Vagneur: The teacher
Two of us, trapped by circumstances beyond our control, stood looking at each other, one unaware of the life-threatening condition she was in and the other worried about the fresh stitches in his recently repaired, partially torn Achilles tendon.
“Just watch the cow,” my dad had said. “I’ve doctored her up, but if she goes down, run over to the house and get me. I’ve gotta get some supper and a quick nap.”
“But Dad, I can’t run — my stitches. Is there anything else I can do?”
“Yeah, if you want you can take that hunting knife hanging over there along the wall and plunge it into her left haunch, up high, letting the built-up gases in her stomach come out. It’s up to you.”
And he left me there with two choices, in a freezing-cold barn, a dim kerosene lantern burning over my head, the night outside as black as the sense of unfair responsibility that hung in the air and surrounded me like a cloak of futility. At my insistence, Dad had left his border collie, Wolf, behind for company, but the instinctual pull of evolutionary power through countless millennia was too strong, and Wolf could not forsake his allegiance to my father, and soon he silently slipped away through a crack in the barn door.

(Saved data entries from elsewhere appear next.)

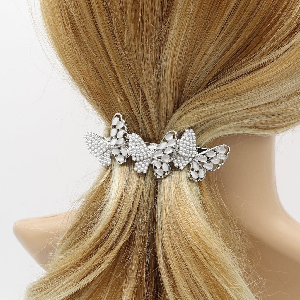 VeryShine claw/banana/barrette Silver flower butterfly metal  hair barrette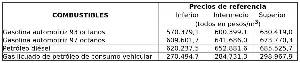 DETERMINA PRECIOS DE REFERENCIA PARA COMBUSTIBLES DERIVADOS DEL PETRÓLEO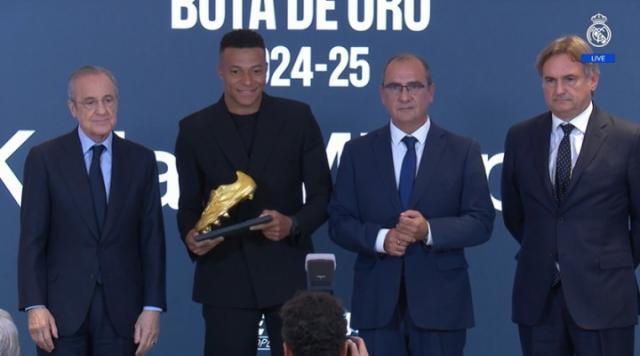 生涯首次獲獎!姆巴佩領取24-25賽季歐洲金靴,皇馬全隊到場支持

I was 9 years old, temporarily crippled as the result of a runaway folding chair dolly hitting me squarely above my left heel, ripping through the skin and about half of my Achilles. It was a Red Brick school-activity night of some kind, and while the parents did the dishes in the basement kitchen, we kids made havoc out of the gymnasium upstairs, spinning that dolly around like a game of “crack the whip” on ice. Tired, I had quit and was walking off the floor when struck from behind. Fortunately, Dr. Lewis’ office was directly across Bleeker Street, and patching me up got him out of helping with the cleanup.
The cow’s eyes bulged, and her tongue slacked out of her mouth; she was clearly suffering, the victim of severe gastrointestinal distress, brought on by what, no one could say. Maybe too much alfalfa in the hay, maybe something else, but my dad had been working feverishly to save her life, and now it seemed, at least for a while, I was the one responsible for her well-being.
Ranch kids have many unique opportunities to study animals up close, and I learned that cow from front to back. I studied her long eyelashes; the depth of her wary, unfocused gaze; the ballpark ratio of red to white hair on her now-distorted Hereford body. I watched as tiny bugs crawled over her coarse hide and ran my hand through the hair, both to comfort her and to attempt to dislodge the scurrying insects; studied her udder and could see that she’d had a calf suckling her. But mostly I studied the anatomy of her distended stomach and tried to determine, with certainty, the place I would thrust the knife, deep into the bloated, gas-filled rumen, if circumstances required.
And what else do little boys wonder about? The realization that a prolonged path to death is painful and ugly, but how attractive could salvation be with a 10-inch hunting knife stuck in your gut? Would my dad fall asleep and leave me out there all night? How cold do your feet have to get before they freeze? If I run and tear the catgut (or pig sinew) out of my stitched-up Achilles, will I ever get a second chance? Come on, cow, please, please stay on your feet. If you fall on your left side, you’re gonna die and it’ll be my fault. You goddam four-legged son of a bitch — get well, goddammit. Ranch kids learn to cuss at a young age because that’s what you do for lack of a better idea.
The cow lived, through no fault of mine, and over the years my dad and I went on to other escapades with cattle, many of them in the cold of dark winter nights, him showing me how it all was done. We helped first-calf heifers with their initial calving and removed afterbirth from recalcitrant uteruses. We rejoiced at easy and healthy births and did whatever else needed doing.
I’ve messed with cows all my life, and yet I wish I were as good at it as my dad. Working side by side with him or struggling on my own after he died, his world always seemed bigger, more graceful to me. Sometimes I still see myself in that long-ago barn, watching a bloated cow unknowingly bargain with death while I stood and watched, pondering impossible choices.